Data to examine:
=== Begin Enclosure ===

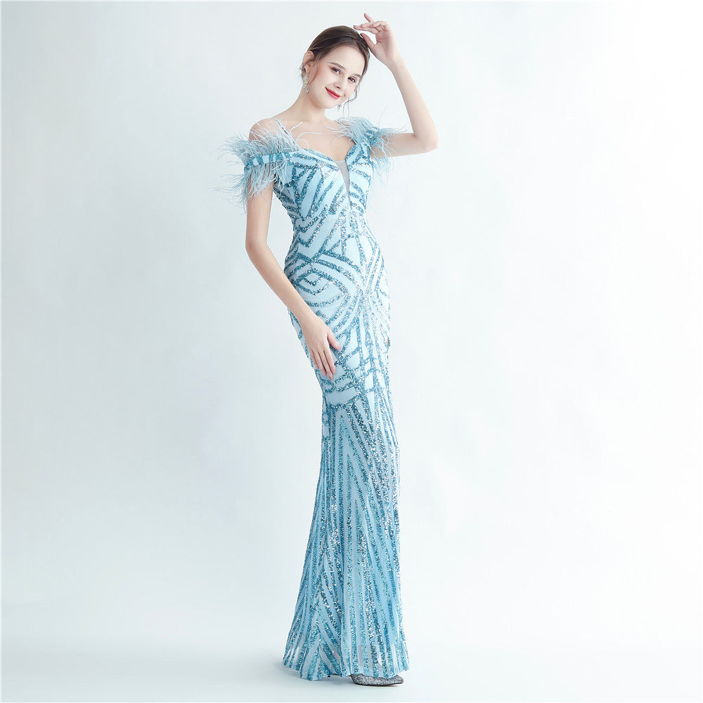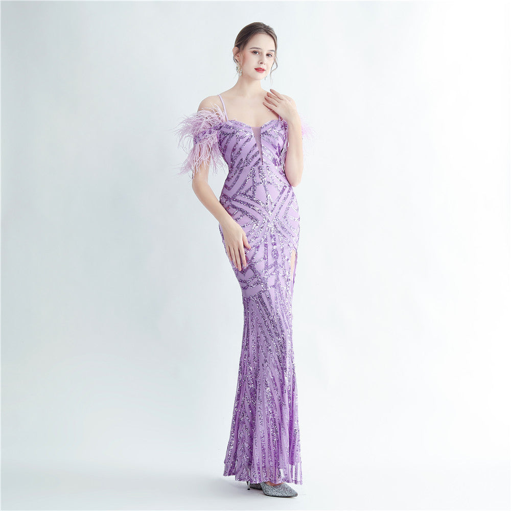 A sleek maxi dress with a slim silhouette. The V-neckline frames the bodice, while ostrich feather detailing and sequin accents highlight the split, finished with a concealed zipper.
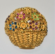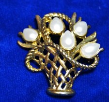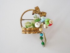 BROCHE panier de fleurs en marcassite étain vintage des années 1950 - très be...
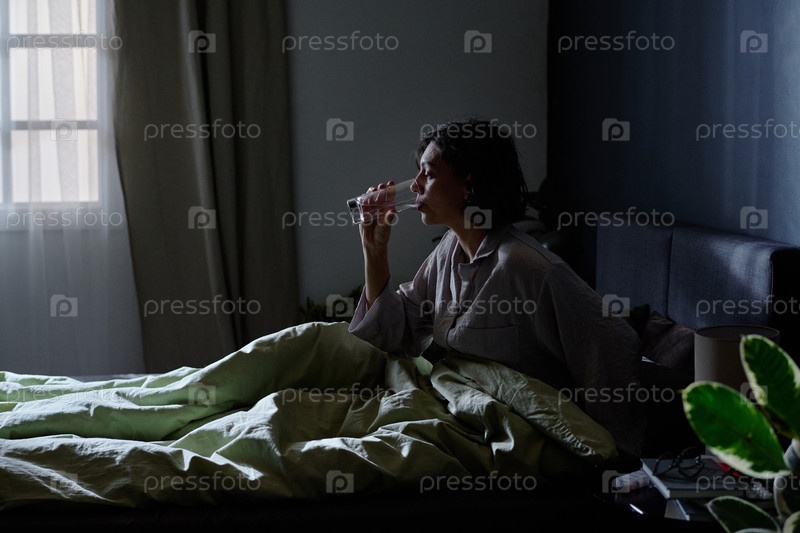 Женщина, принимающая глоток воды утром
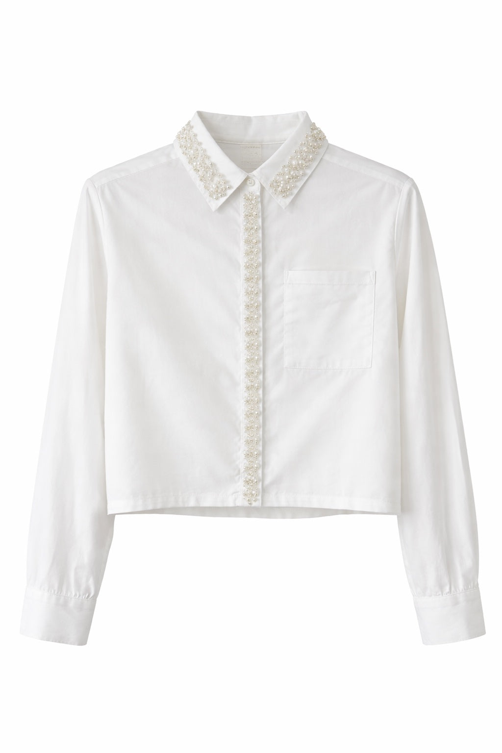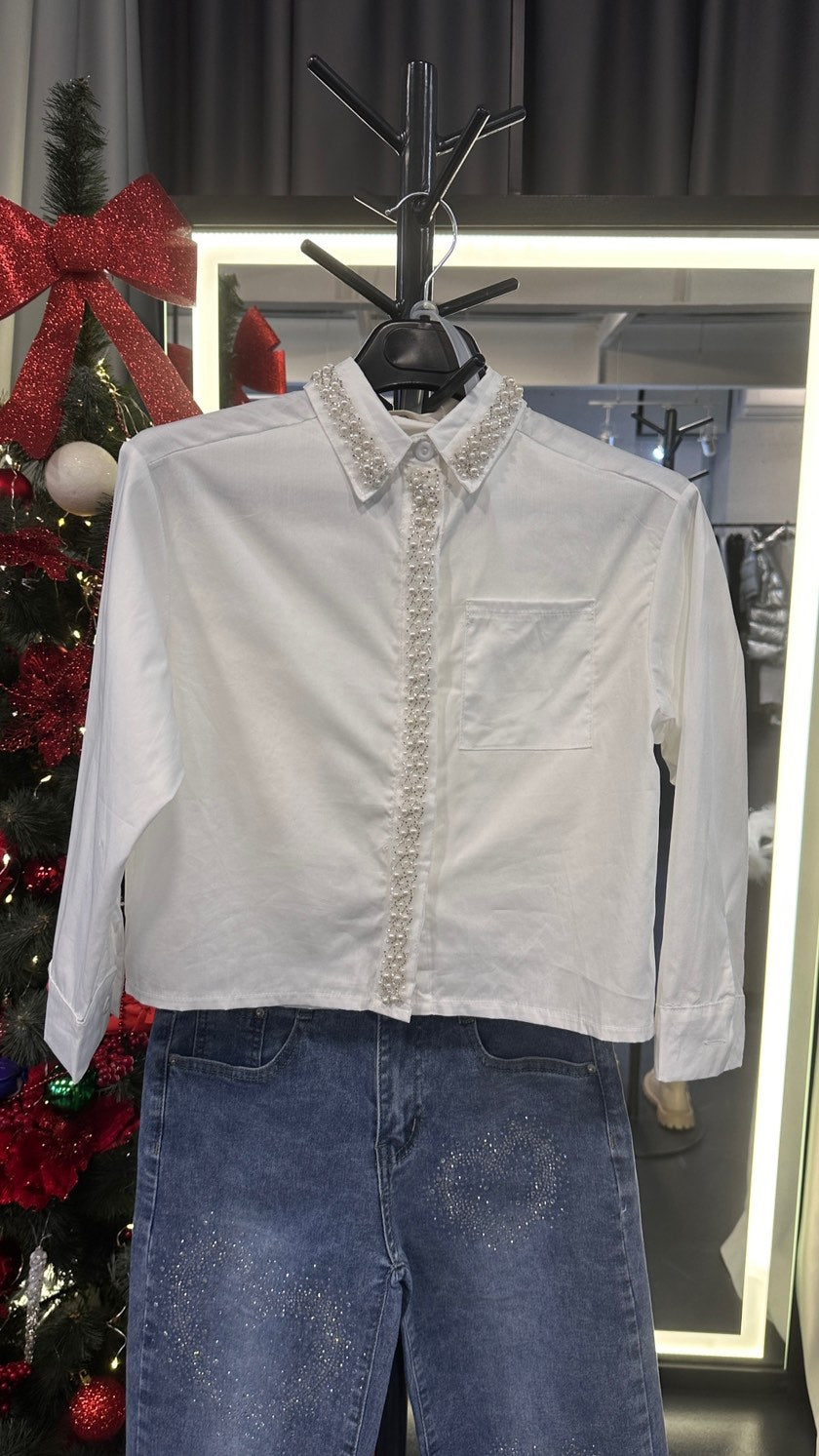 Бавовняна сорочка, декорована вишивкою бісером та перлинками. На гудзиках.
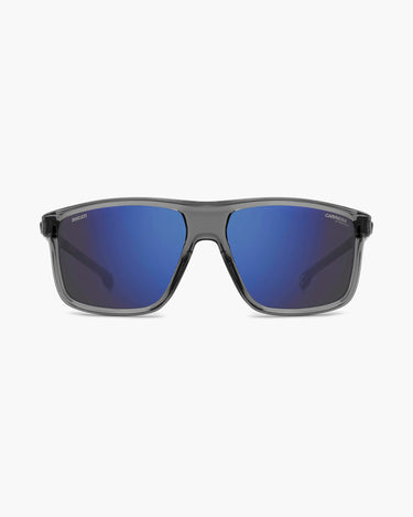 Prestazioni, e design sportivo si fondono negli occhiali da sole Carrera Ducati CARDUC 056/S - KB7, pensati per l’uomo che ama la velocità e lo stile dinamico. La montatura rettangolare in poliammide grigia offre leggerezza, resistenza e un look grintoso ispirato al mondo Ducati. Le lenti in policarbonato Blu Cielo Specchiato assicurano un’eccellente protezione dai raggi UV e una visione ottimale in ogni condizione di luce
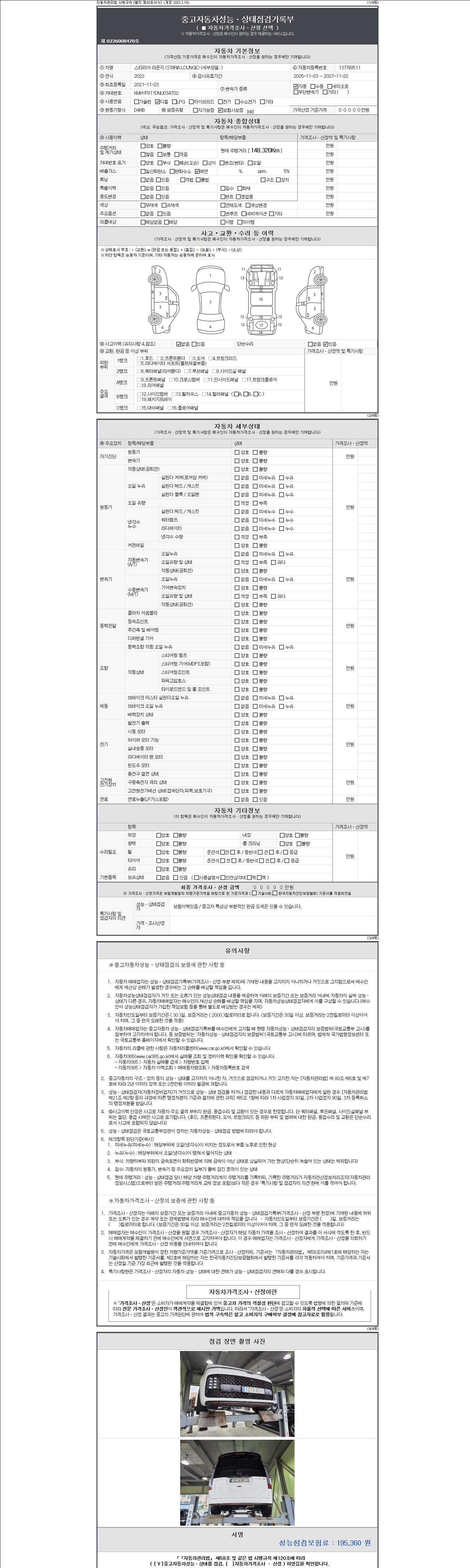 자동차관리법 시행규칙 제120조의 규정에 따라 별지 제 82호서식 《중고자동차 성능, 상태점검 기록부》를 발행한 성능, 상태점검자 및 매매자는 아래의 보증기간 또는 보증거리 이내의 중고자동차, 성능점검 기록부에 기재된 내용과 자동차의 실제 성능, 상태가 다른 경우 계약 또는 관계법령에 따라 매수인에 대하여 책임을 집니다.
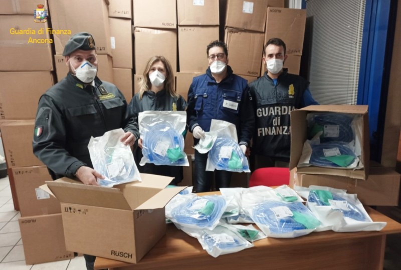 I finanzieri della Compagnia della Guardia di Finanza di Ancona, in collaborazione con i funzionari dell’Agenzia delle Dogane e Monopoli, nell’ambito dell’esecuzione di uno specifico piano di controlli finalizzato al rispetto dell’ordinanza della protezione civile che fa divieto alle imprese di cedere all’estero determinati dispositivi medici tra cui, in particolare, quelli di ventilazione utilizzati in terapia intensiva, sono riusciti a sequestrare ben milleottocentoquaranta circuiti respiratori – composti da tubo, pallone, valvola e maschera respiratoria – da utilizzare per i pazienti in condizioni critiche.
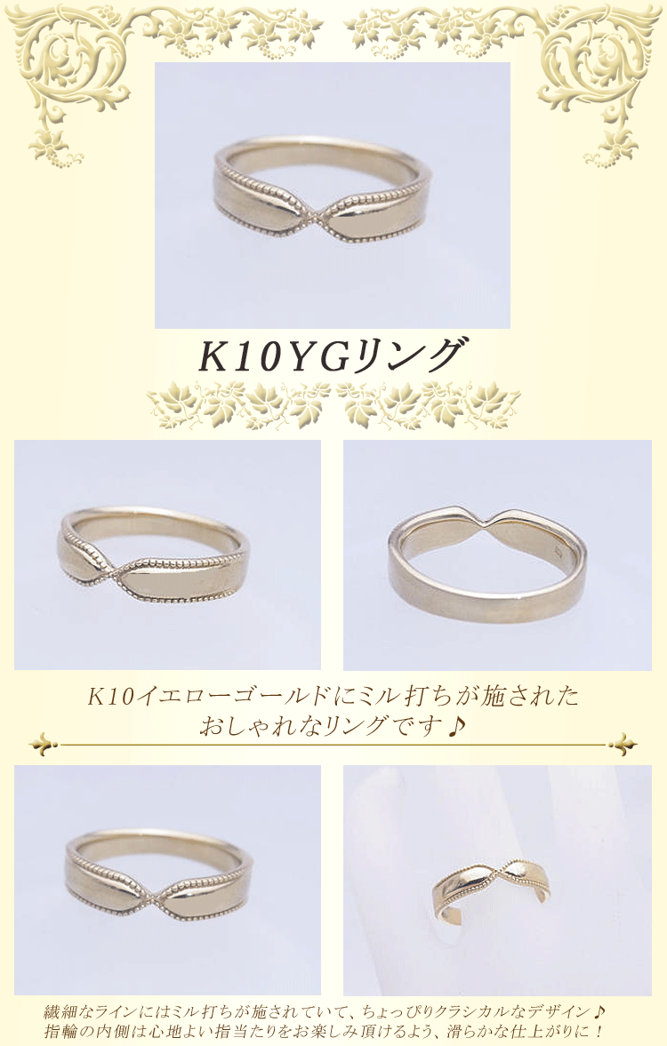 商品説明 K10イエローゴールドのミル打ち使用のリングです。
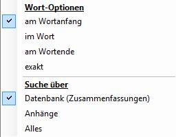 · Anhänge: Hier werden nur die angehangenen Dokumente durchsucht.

=== End Enclosure ===

Exercise requirements: Exactly what appears in the records above must be returned, apart from the pictures.

Exercise result:
 A sleek maxi dress with a slim silhouette. The V-neckline frames the bodice, while ostrich feather detailing and sequin accents highlight the split, finished with a concealed zipper.
 BROCHE panier de fleurs en marcassite étain vintage des années 1950 - très be...
 Женщина, принимающая глоток воды утром
 Бавовняна сорочка, декорована вишивкою бісером та перлинками. На гудзиках.
 Prestazioni, e design sportivo si fondono negli occhiali da sole Carrera Ducati CARDUC 056/S - KB7, pensati per l’uomo che ama la velocità e lo stile dinamico. La montatura rettangolare in poliammide grigia offre leggerezza, resistenza e un look grintoso ispirato al mondo Ducati. Le lenti in policarbonato Blu Cielo Specchiato assicurano un’eccellente protezione dai raggi UV e una visione ottimale in ogni condizione di luce
 자동차관리법 시행규칙 제120조의 규정에 따라 별지 제 82호서식 《중고자동차 성능, 상태점검 기록부》를 발행한 성능, 상태점검자 및 매매자는 아래의 보증기간 또는 보증거리 이내의 중고자동차, 성능점검 기록부에 기재된 내용과 자동차의 실제 성능, 상태가 다른 경우 계약 또는 관계법령에 따라 매수인에 대하여 책임을 집니다.
 I finanzieri della Compagnia della Guardia di Finanza di Ancona, in collaborazione con i funzionari dell’Agenzia delle Dogane e Monopoli, nell’ambito dell’esecuzione di uno specifico piano di controlli finalizzato al rispetto dell’ordinanza della protezione civile che fa divieto alle imprese di cedere all’estero determinati dispositivi medici tra cui, in particolare, quelli di ventilazione utilizzati in terapia intensiva, sono riusciti a sequestrare ben milleottocentoquaranta circuiti respiratori – composti da tubo, pallone, valvola e maschera respiratoria – da utilizzare per i pazienti in condizioni critiche.
 商品説明 K10イエローゴールドのミル打ち使用のリングです。
 · Anhänge: Hier werden nur die angehangenen Dokumente durchsucht.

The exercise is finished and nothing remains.